On April 1st 2020 the Dow completed its worst first quarter in 124 years. You needn’t have been a fool to lose significant money (the Gabriel fund profited 11% the first quarter 2020). The market remains overvalued, and I anticipate the S&P 500 will revisit March’s low around 2200. The model is Bearish for April 2020.
Calling a market bottom is very difficult, and the S&P 500 is up about 13% since March 22nd 2020.
Source: Yahoo Finance |
This resurgence is in response to the federal reserve lowering interest rates to 0%, and a historically large economic stimulus plan. While both of these are bullish, consider market valuations. The last time market valuations were as high as recent (Buffets Ratio reached 155% in February 2020) was prior to the Dot.com Crash (Buffets Ratio reached 150% in January 2000).
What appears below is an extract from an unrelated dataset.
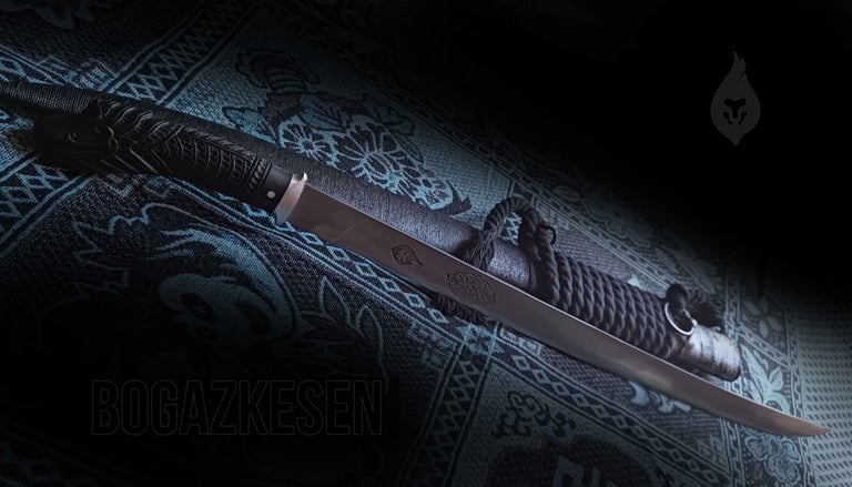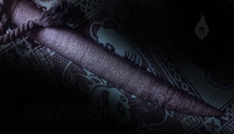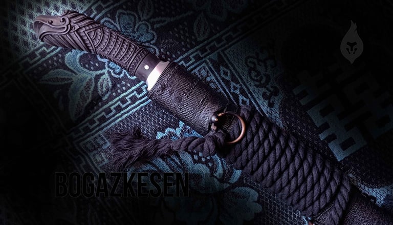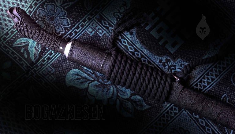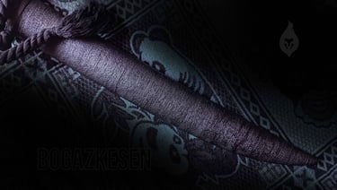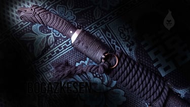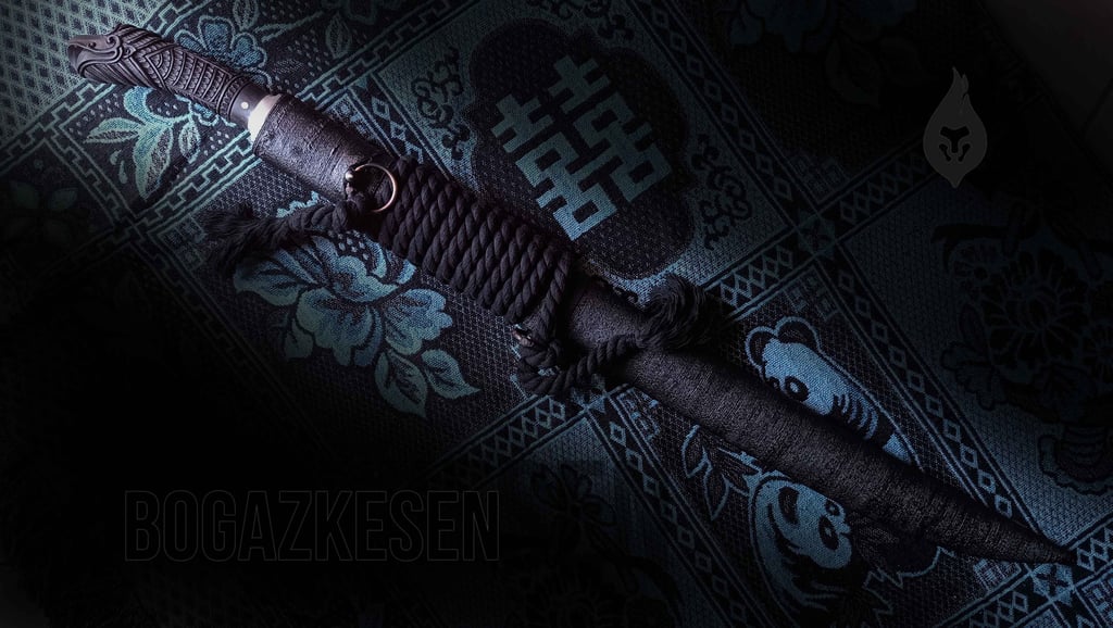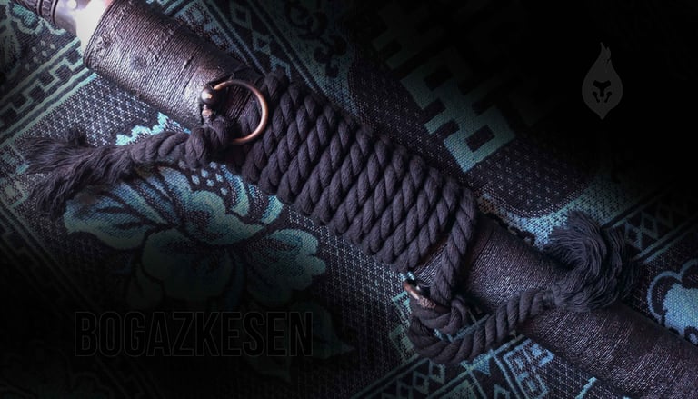 rosewood sheath wrapped in hardened wool thread, black wool sling strap.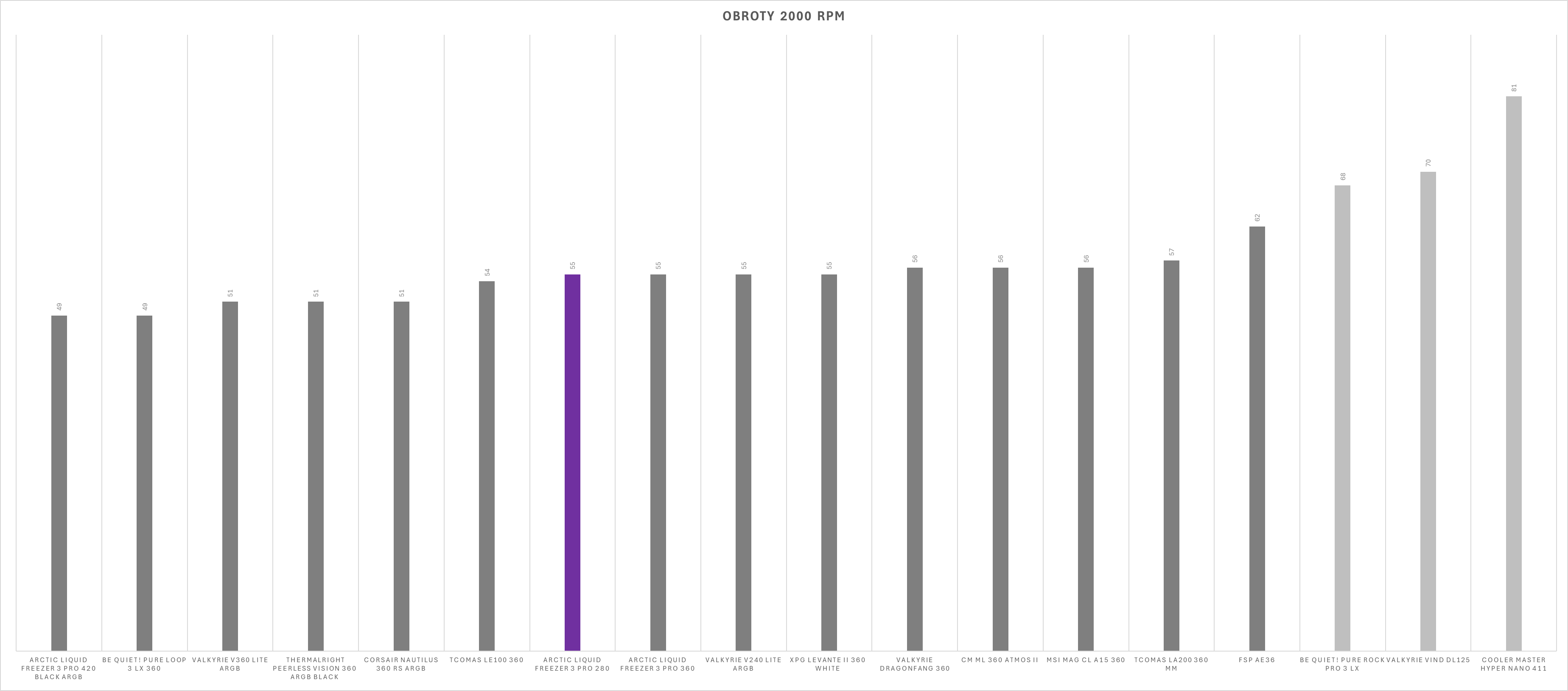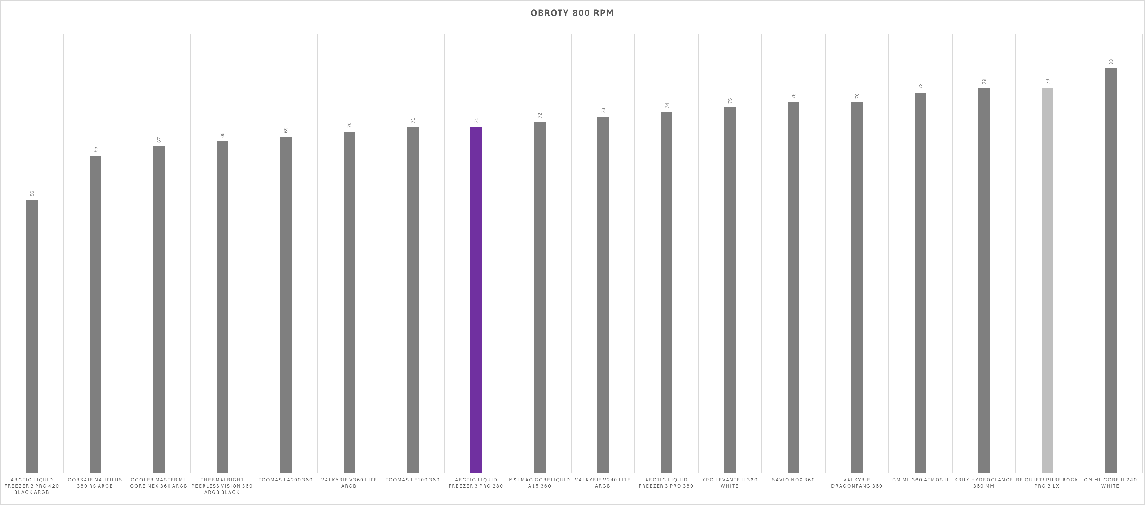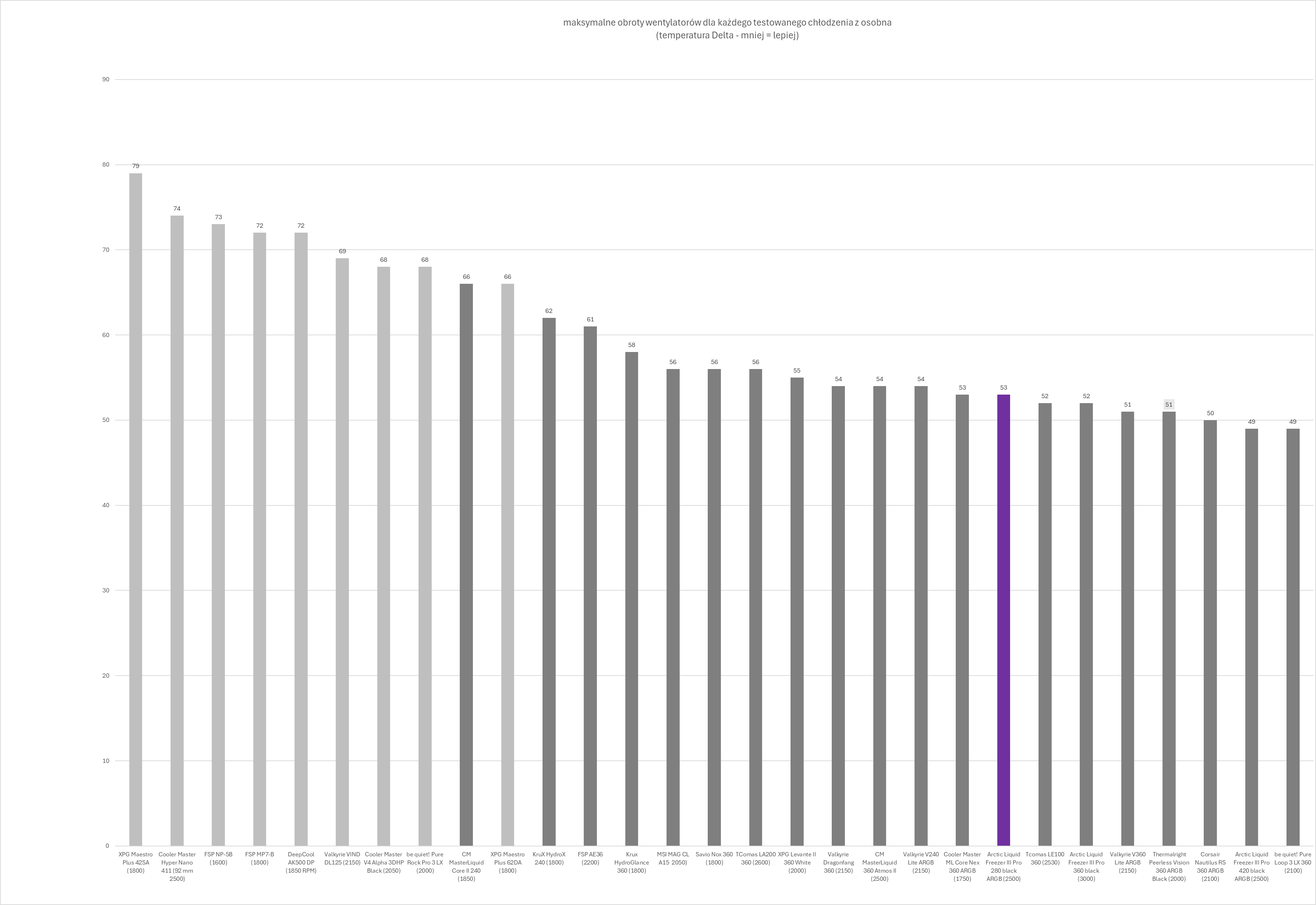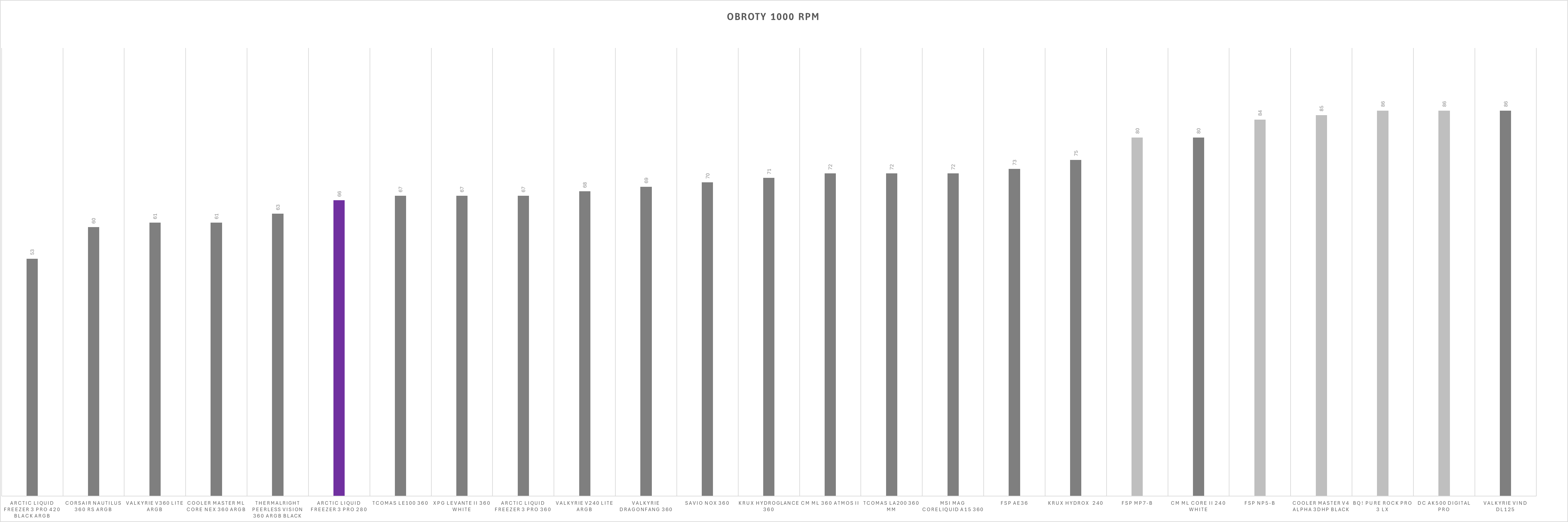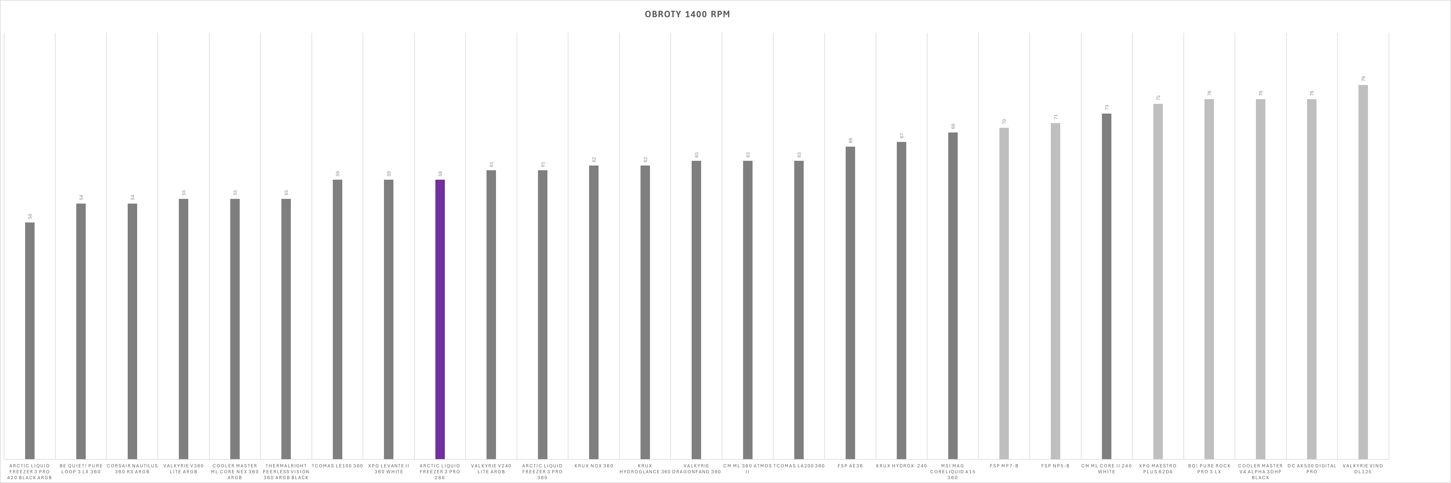 Kultura pracy w dużej mierze zależy od ustawień wentylatorów. Sama pompka oraz dodatkowy wentylator VRM działają cicho i nie wyróżniają się negatywnie nawet przy niższych wartościach PWM – w zamkniętej obudowie pozostają praktycznie niesłyszalne. Sytuacja zmienia się jednak przy wentylatorach chłodnicy. Po przekroczeniu około 60% prędkości obrotowej generowany hałas rośnie wyraźnie szybciej niż zyski wydajnościowe, a przy maksymalnych obrotach zestaw osiąga poziom 69 dBA, co czyni go aktualnie najgłośniejszym modelem wśród dotychczas testowanych.

Buffets Ratio dropped to 71% before the market hit bottom in 2002. Currently Buffets Ratio is 113%.
Source: GuruFocus |
I expect Buffets Ratio and the S&P 500 to continue to head lower in this Bear Market.
Also consider that experts predict the Coronavirus outbreak to peak mid-April, and economic data will begin reflecting the enormous recessionary impact of the virus. Both of these are very bearish, and it will be difficult being bullish before new cases of the virus peak.
But there is light on the horizon. Factory activity is already expanding in China (the Gabriel fund recently increased its investment in MCHI), and barring additional economic shocks we anticipate the U.S. economy following a similar recovery within the next several months.
This report reflects the current opinion of the author. The report is based upon sources believed to be accurate and reliable. Opinions and statements about the future expressed in the report are subject to change without notice. The report is not a solicitation or an offer to buy or sell any security.